EXCERPTED DATA:
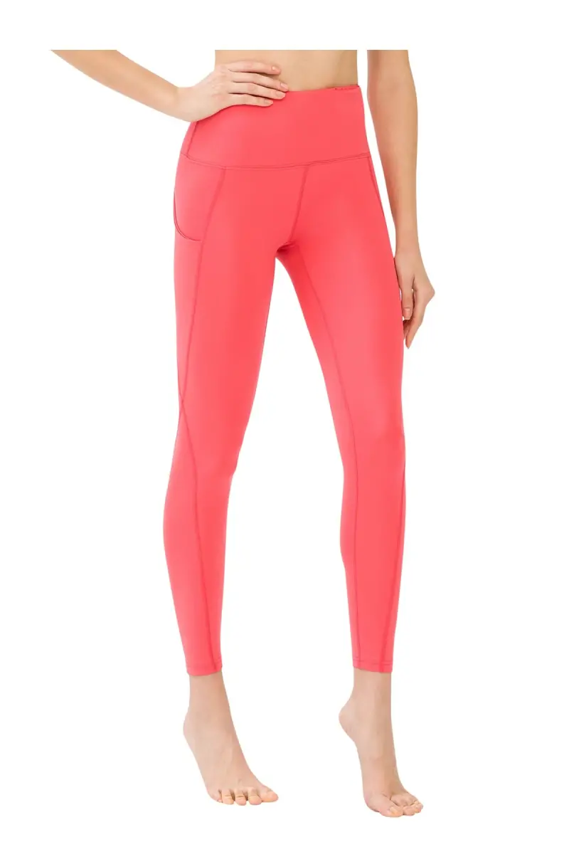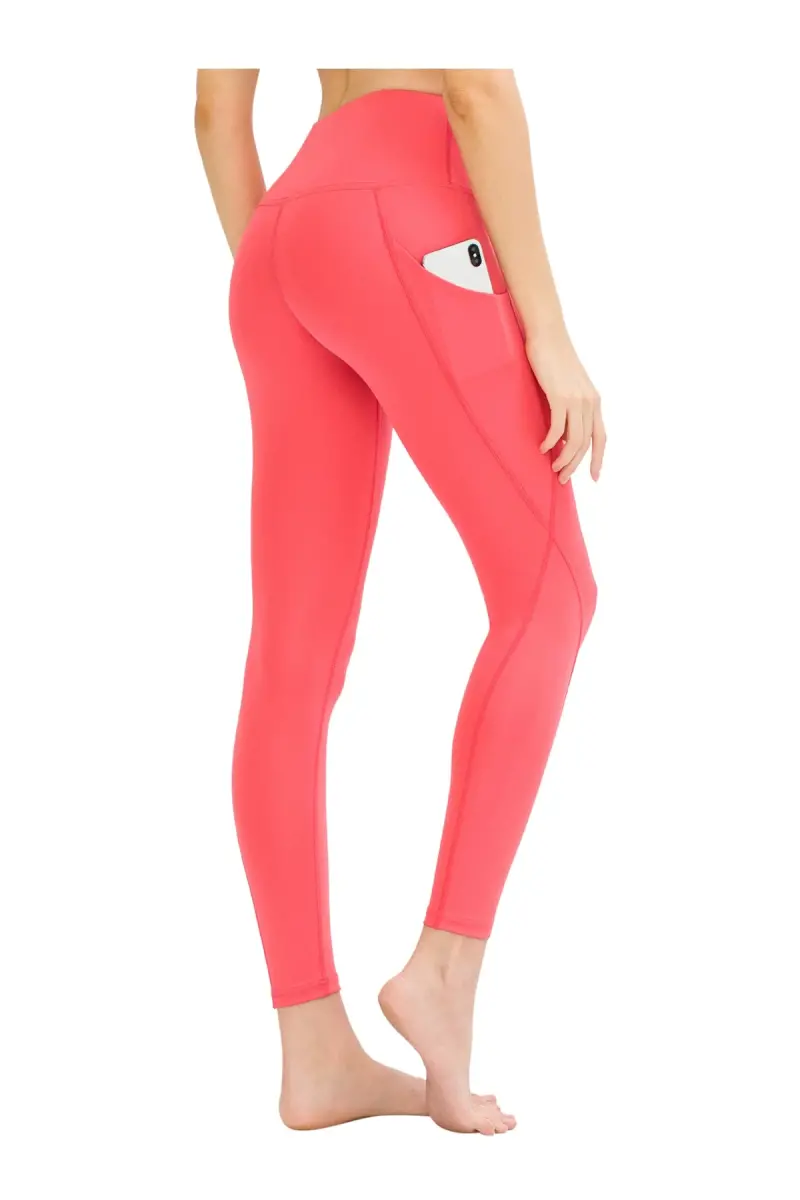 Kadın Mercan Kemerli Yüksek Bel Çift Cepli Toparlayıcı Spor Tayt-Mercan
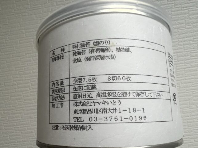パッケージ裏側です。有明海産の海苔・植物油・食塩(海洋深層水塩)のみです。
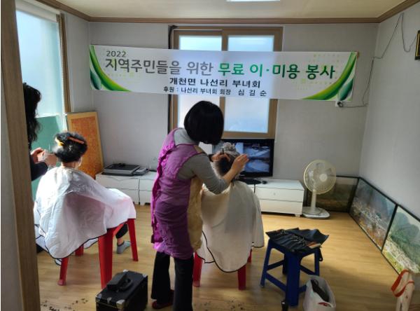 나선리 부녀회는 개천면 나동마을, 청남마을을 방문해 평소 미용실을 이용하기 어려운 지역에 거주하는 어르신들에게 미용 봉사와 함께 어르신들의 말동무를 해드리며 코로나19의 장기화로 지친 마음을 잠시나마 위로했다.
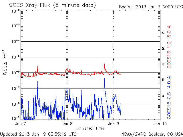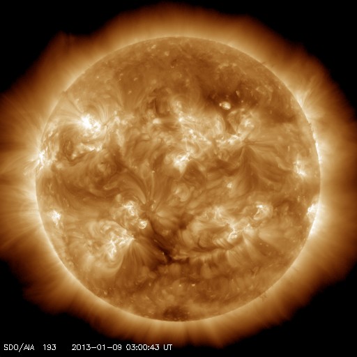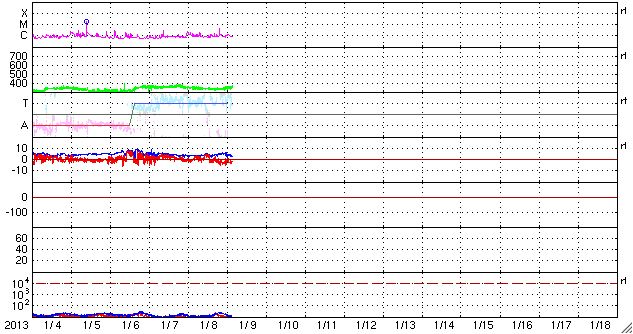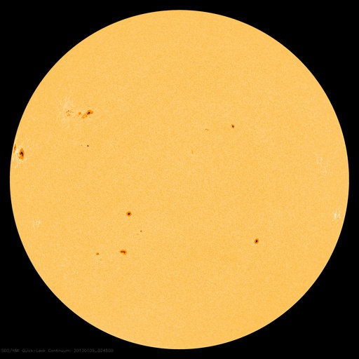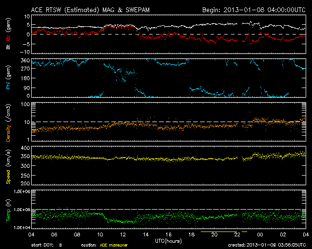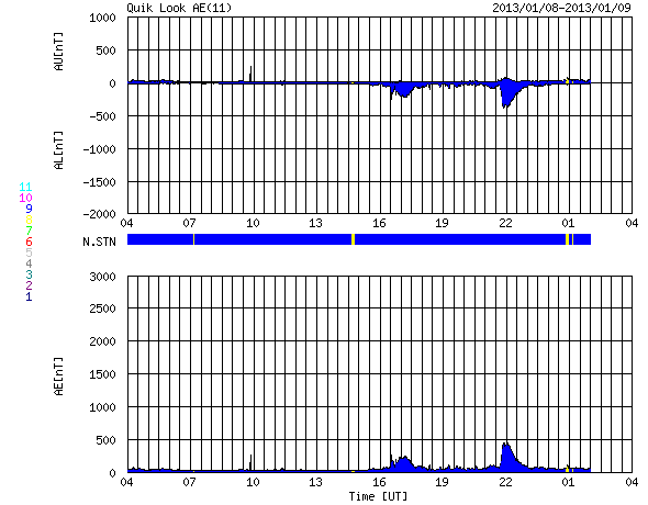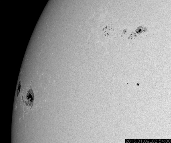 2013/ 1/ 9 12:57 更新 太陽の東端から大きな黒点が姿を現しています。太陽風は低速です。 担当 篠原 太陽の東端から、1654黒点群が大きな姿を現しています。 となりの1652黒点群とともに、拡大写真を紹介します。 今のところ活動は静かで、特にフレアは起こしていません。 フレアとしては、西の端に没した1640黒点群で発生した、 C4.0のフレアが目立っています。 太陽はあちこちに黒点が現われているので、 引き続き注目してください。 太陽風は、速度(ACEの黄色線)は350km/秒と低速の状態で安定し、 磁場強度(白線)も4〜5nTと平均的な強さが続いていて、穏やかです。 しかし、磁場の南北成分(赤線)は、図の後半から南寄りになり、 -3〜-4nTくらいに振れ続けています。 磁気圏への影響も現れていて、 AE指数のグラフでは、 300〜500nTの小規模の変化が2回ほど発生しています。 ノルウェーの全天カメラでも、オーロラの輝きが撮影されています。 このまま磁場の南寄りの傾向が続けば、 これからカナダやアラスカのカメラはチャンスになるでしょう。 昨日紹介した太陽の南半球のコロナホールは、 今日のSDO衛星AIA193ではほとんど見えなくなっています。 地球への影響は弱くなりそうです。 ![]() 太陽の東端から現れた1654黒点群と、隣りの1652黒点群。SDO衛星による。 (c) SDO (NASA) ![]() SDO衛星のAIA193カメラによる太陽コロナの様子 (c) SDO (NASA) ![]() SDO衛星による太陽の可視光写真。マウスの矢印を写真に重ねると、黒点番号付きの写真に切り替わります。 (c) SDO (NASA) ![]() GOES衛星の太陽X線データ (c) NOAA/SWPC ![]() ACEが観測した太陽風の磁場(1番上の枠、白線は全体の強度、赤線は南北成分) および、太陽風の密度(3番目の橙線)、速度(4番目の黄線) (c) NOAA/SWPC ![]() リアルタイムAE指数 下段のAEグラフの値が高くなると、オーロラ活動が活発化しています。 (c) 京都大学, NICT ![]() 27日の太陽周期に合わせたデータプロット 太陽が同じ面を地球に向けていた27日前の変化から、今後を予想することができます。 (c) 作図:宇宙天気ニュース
* * *
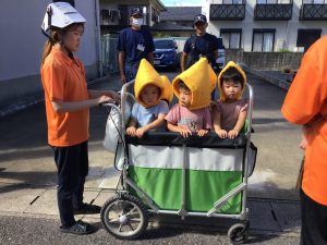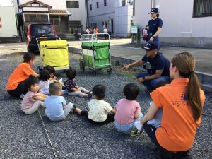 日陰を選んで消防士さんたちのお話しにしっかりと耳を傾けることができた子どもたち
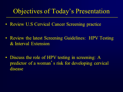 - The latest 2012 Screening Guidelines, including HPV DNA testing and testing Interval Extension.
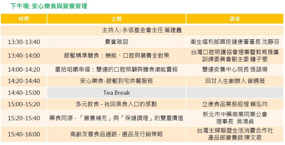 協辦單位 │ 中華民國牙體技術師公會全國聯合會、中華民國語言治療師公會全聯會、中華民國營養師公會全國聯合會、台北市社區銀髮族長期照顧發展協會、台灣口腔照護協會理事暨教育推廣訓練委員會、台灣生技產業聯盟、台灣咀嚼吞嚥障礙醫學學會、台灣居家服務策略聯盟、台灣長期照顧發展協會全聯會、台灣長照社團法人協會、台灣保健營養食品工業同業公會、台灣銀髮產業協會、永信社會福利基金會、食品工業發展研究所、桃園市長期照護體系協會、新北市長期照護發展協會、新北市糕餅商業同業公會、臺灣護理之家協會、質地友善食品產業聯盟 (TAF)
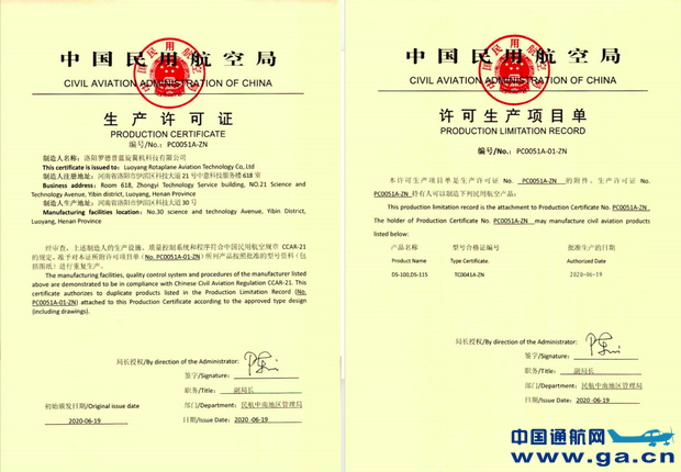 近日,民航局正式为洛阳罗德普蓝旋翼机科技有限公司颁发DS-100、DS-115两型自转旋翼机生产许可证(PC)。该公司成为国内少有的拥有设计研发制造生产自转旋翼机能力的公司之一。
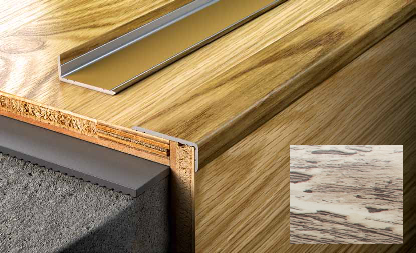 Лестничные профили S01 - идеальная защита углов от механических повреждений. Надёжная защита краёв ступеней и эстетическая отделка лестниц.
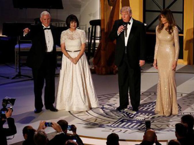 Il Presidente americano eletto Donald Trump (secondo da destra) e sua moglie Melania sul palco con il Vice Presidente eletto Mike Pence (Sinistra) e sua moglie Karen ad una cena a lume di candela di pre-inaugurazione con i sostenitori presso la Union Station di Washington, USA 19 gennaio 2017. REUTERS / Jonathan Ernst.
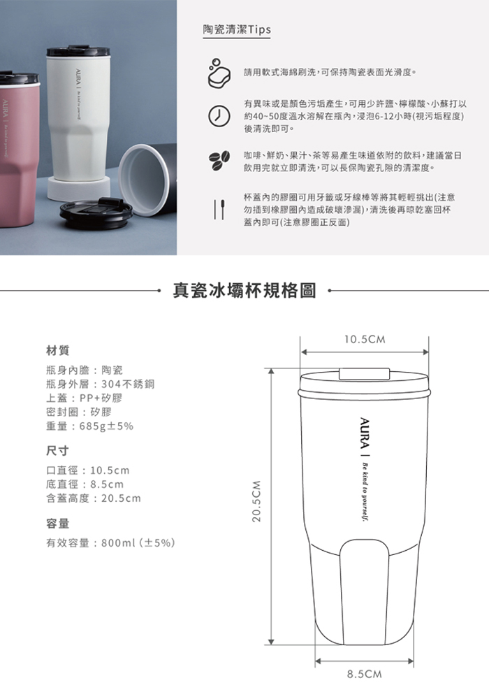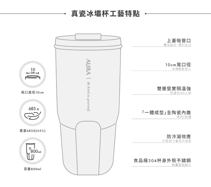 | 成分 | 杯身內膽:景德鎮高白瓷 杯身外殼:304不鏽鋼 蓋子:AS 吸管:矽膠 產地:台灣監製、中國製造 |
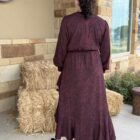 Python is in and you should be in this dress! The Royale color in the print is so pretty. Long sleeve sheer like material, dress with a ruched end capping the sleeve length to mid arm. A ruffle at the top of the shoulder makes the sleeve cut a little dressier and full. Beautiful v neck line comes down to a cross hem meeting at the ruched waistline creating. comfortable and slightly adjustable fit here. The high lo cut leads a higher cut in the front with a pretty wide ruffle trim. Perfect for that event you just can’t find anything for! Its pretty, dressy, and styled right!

ASSIGNMENT: Above are records; write out the lines from the one with "吸管:矽膠 產地:台灣監製、中國製造 |" down to the one with "Python is in", exactly, leaving the pictures out.

WORKED SOLUTION:
 | 成分 | 杯身內膽:景德鎮高白瓷 杯身外殼:304不鏽鋼 蓋子:AS 吸管:矽膠 產地:台灣監製、中國製造 |
 Python is in and you should be in this dress! The Royale color in the print is so pretty. Long sleeve sheer like material, dress with a ruched end capping the sleeve length to mid arm. A ruffle at the top of the shoulder makes the sleeve cut a little dressier and full. Beautiful v neck line comes down to a cross hem meeting at the ruched waistline creating. comfortable and slightly adjustable fit here. The high lo cut leads a higher cut in the front with a pretty wide ruffle trim. Perfect for that event you just can’t find anything for! Its pretty, dressy, and styled right!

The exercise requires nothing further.